Yesterday we made the first phone call using the Mesh Potato (MP) Architecture – a very important moment in the life of any telephony project! The Prototype Mesh Potato hardware isn’t available yet, so we connected a DIR-300 router to a FXS Interface PCB. The DIR-300 router is based on the same chip set as the MP (Atheros AR2317) so it’s as close a a real MP as we can get.
This gives us a development environment almost identical to the MP which allows us to work on the firmware prior to having the actual MP hardware. This allow for faster development compared to waiting for the prototype MP hardware. When the prototype MP hardware arrives we will have tested firmware to use on the untested prototype MP hardware – greatly reducing the scope for bugs.
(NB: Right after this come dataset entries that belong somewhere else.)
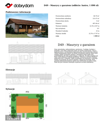 D49 - Maurycy z garażem (odbicie: lustro, 1 890 zł) Podstawowe informacje Powierzchnia użytkowa 66.70 m² Powierzchnia zabudowy 121.47 m² Powierzchnia dachu Kubatura Wymiary budynku 0 m² 497.46 m³ 14.76 x 9.97 m Kąt nachylenia 25° Wysokość budynku Wymiary działki cena 25 m 22.76 x 17.97 m 1 890 zł D49 - Maurycy z garażem Dom mieszkalny, jednorodzinny, parterowy, 3 pokoje, kuchnia i łazienka, oraz duży zadaszony taras od strony wejściowej. Tani w budowie dom w technologii tradycyjnej dla czteroosobowej rodziny. Układ funkcjonalny domu: Do domu wchodzimy poprzez duży taras mogący pełnić przeróżne funkcje. Następnie przez małą sień przechodzimy do hallu połączonego z salonem. W hallu znajduje się duża szafa pełniąca funkcje garderoby. Obszerna kuchnia również połączona jest z salonem. Dalej wchodzimy do korytarza, z którego dostać się możemy do trzech sypialni i obszernej łazienki. Dom posiada jednostanowiskowy garaż oraz kotłownię na paliwo stałe. Dom ten jest również świetnym wyborem na dom letniskowy. Elewacje Sytuacje D49 - Maurycy z garażem (odbicie: lustro, 1 890 zł) Rzuty Parter 13.17 m² taras frontowy 25.58 m² taras ogrodowy 18.03 m² sie 4.11 m² strych 65.70 m² garaż 17.24 m² korytarz 3.69 m² kuchniaspiżarnia 6.90 m² pokój dzienny 18.60 m² sypialnia 8.70 m² sypialnia 10.80 m² pokój 9.30 m² łazienka 4.60 m² kotłownia 12.17 m²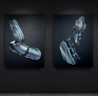 Paulina Cerda es una artista visual chilena cuyo trabajo se sitúa entre la abstracción, la materialidad y la ilusión del espacio tridimensional. Su práctica parte del gesto y la mancha como punto de origen, utilizando la pintura para construir superficies que trascienden el plano y funcionan como espacios perceptivos activos. Uno de los aspectos clave de su obra es el uso de múltiples capas de acrílico para generar profundidad, luz y sombras que sugieren volumen y presencia física sin abandonar la bidimensionalidad. A lo largo de su trayectoria, el gesto pictórico ha evolucionado desde formas suspendidas y compactas hacia fragmentaciones más frágiles, que exploran la memoria del movimiento y la persistencia de lo que se quiebra. Su trabajo se caracteriza por una coherencia sólida entre proceso, forma y contenido, dando lugar a una abstracción que no representa imágenes, sino que construye experiencias visuales que se activan con el tiempo y la mirada del espectador.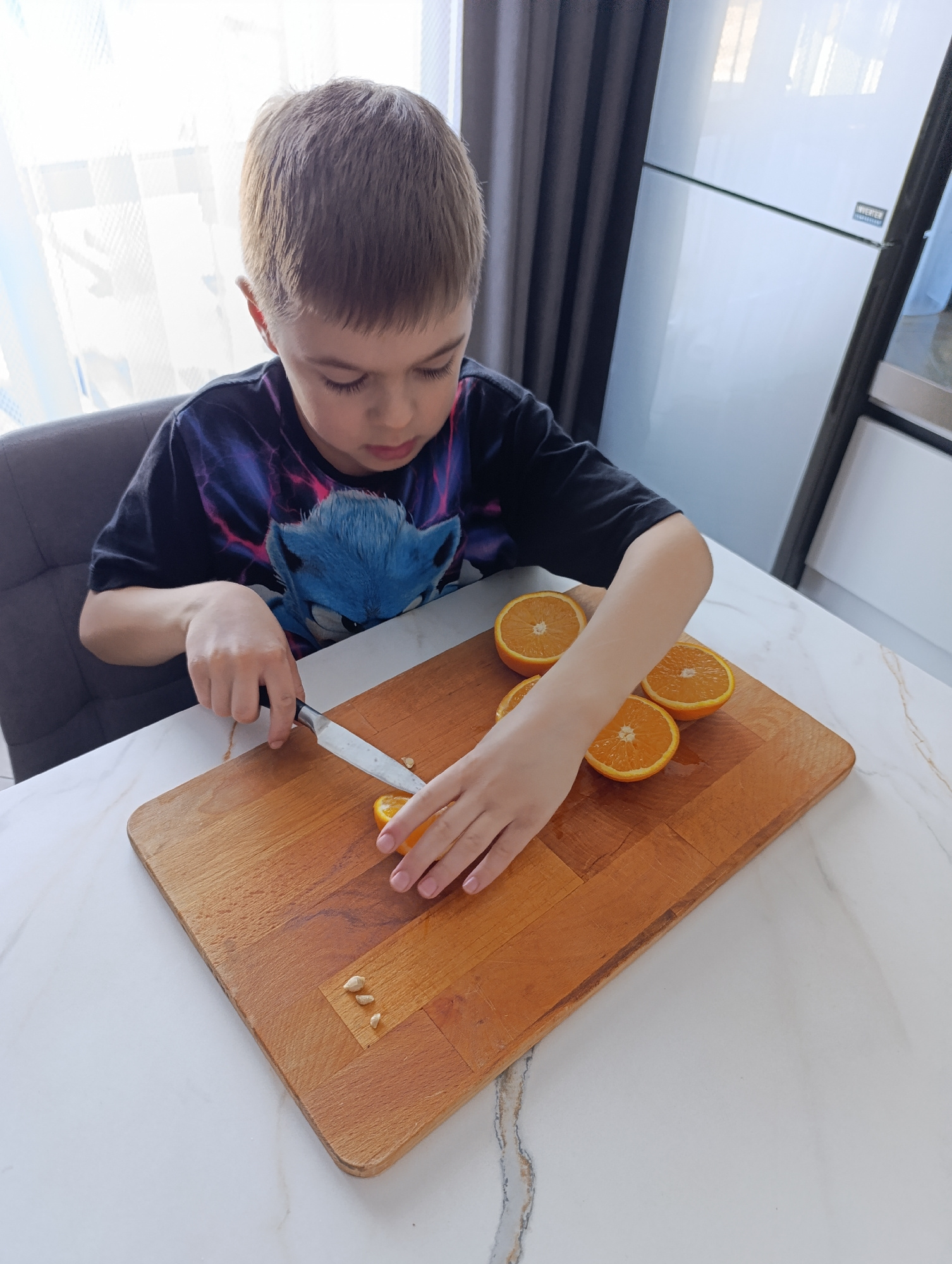 The image captures an indoor scene in Chaikovsky, Russia, likely a kitchen or dining area. A young male child, approximately 6-10 years old, with short light brown hair, is seated at a white marble-pa…read more

The firmware consists of several device drivers (8250mp.ko, mp.ko) and an Asterisk Channel Driver (chan_mp). To test we connected a SIP phone to Asterisk running on the DIR-300. Asterisk then routes the call to chan_mp, and via the device drivers to the FXS interface hardware. The audio samples actually flow through the AR2317 RS-232 UART, before being converted to TDM bus samples by a CPLD and Atmega microcontroller. Control and signaling is handled by a SPI port constructed from the AR2317 GPIO lines.
After a bit of tweaking the full duplex audio quality sounded just fine, CPU load was less than 1%. This was really just a basic Channel Driver designed to test the most important feature (full duplex audio) first. The next step is to add a bunch of other functionality like dial tone, echo cancellation, ringing and on/off hook detection.
We are very happy with this step – it’s a big chunk of firmware written and electronics tested.